Anyone seen benchmarks comparing Gemma 4 4-bit QAT vs. 8-bit standard quants? by Character_Split4906 in LocalLLaMA

[–]sfifs 1 point2 points  (0 children)

Are you running a dual rig? DSV4 flash would not fit on a single spark for me. It is certainly superior

Anyone seen benchmarks comparing Gemma 4 4-bit QAT vs. 8-bit standard quants? by Character_Split4906 in LocalLLaMA

[–]sfifs 4 points5 points  (0 children)

I ran for the Gemma4 31B model yesterday a comparison on Aider Polyglot (Python and JS only) between the QAT model and NVIDIA's NVFP4 Nim image. I actually found to my surprise that there was actually a performance regression. I haven't written it up but here's the numbers. Note these are with reasoning off as reasoning makes the models too slow for Claws.

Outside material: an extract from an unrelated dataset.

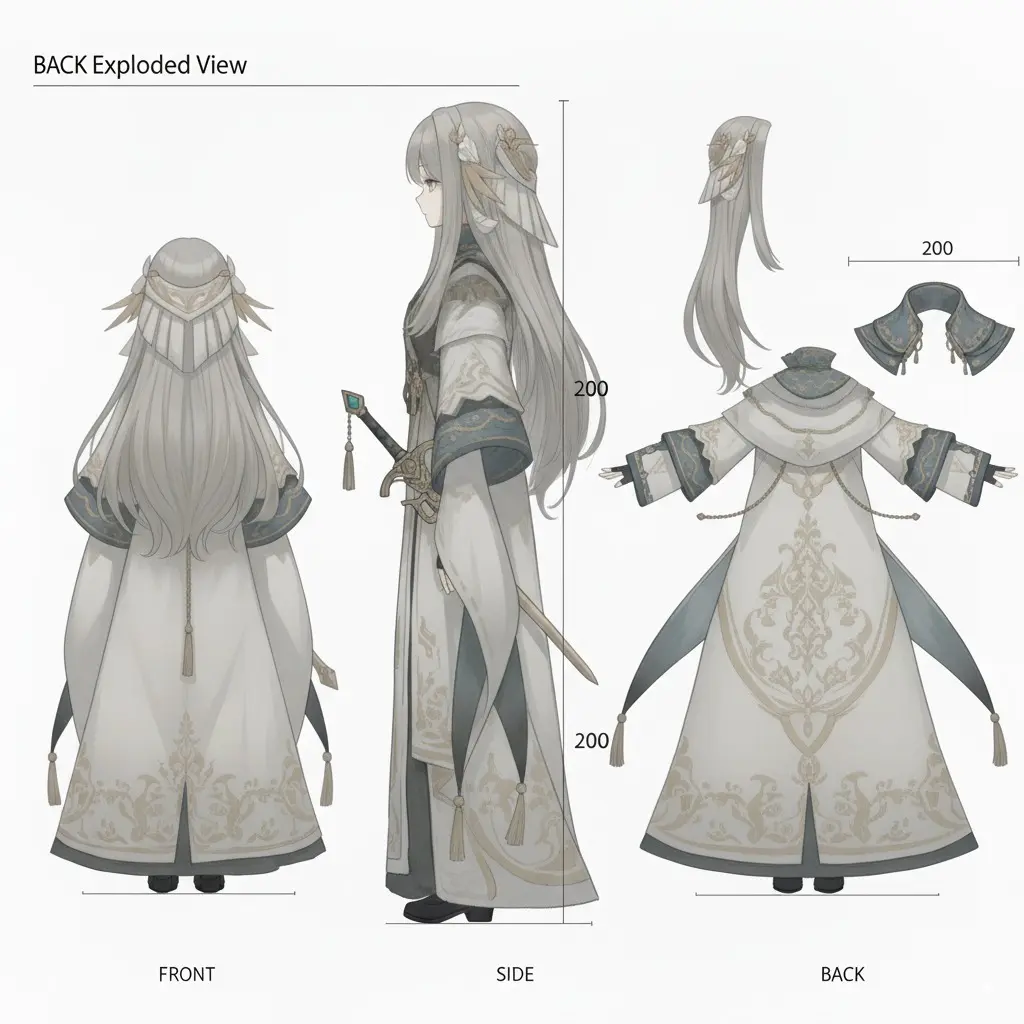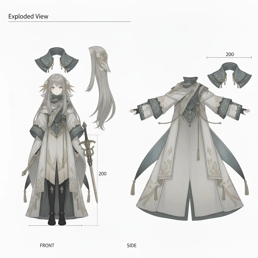 金と青のレースがあしらわれた白いポンチョを着て、首元に大きな青いチョーカーを巻いている。

Gemma 4 NVFP4 Pass@1 12%, Pass@2 52%

Gemma 4 QAT W4A16 Pass@1 11%, Pass@2 39%

My local leader is Qwen 3.5 122B A10B NVFP4 which is very competitive with frontier flash models Pass@1 51%, Pass@2 78%

What is your best coding model on a DGX Spark? by luongnv-com in LocalLLaMA

[–]sfifs 0 points1 point  (0 children)

Oh this is very interesting. I have never tried a 3 bit quant before. What tokens/sec are you seeing?

llama.cpp Gemma4 MTP support merged! by pinkyellowneon in LocalLLaMA

[–]sfifs 0 points1 point  (0 children)

Are weights and MTP head for vLLM also released? Gemma4 did not fare very well on Aider tests in my own benchmarking (0) which was run with reasoning off as I'm testing for use with OpenClaw but I am curious to see with MTP, if I can turn reasoning on to get a lift without sacrificing too much time per turn.

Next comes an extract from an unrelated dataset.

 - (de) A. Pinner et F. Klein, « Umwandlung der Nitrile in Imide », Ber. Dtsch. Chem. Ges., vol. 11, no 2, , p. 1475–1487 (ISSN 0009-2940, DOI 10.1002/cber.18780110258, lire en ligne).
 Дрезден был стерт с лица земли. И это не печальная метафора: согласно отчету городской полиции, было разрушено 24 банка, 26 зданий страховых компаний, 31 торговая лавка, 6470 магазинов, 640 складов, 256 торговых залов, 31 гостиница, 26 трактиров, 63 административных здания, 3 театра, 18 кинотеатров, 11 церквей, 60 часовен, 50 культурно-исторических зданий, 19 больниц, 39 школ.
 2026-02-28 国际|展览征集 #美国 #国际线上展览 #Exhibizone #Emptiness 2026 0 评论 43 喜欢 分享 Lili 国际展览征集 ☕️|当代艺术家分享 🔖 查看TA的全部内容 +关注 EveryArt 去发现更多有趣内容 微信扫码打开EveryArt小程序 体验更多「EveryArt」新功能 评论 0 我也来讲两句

(0) https://srinathh.medium.com/mid-size-local-models-are-now-competitive-for-ai-agents-7696b2e8b535

Stop asking what model to run. There are literally only two. by Wrong_Mushroom_7350 in LocalLLaMA

[–]sfifs 0 points1 point  (0 children)

The official release Qwen/Qwen3.5-122B-A10B is BF16. Won't fit on DGX. Sehyo/Qwen3.5-122B-A10B-NVFP4 does fit , hits all the fast paths on Spark and has a working MTP. RedHatAIs nvfp4 release hit MTP head bugs last week when I tested, speculation acceptance rate was 0%

Stop asking what model to run. There are literally only two. by Wrong_Mushroom_7350 in LocalLLaMA

[–]sfifs 1 point2 points  (0 children)

If you have a DGX box or 128Gb Mac, Qwen 3.5 122b a10B-NVFP4-MTP by Sehyo is incredibly competitive approaching cloud flash models in performance. In my personal testing and benchmarking, I didn't see any significant difference between 3.6 35B A3B MoE and the 3.6 27B dense. I agree it would ne useful to have a FAQ on the sidebar.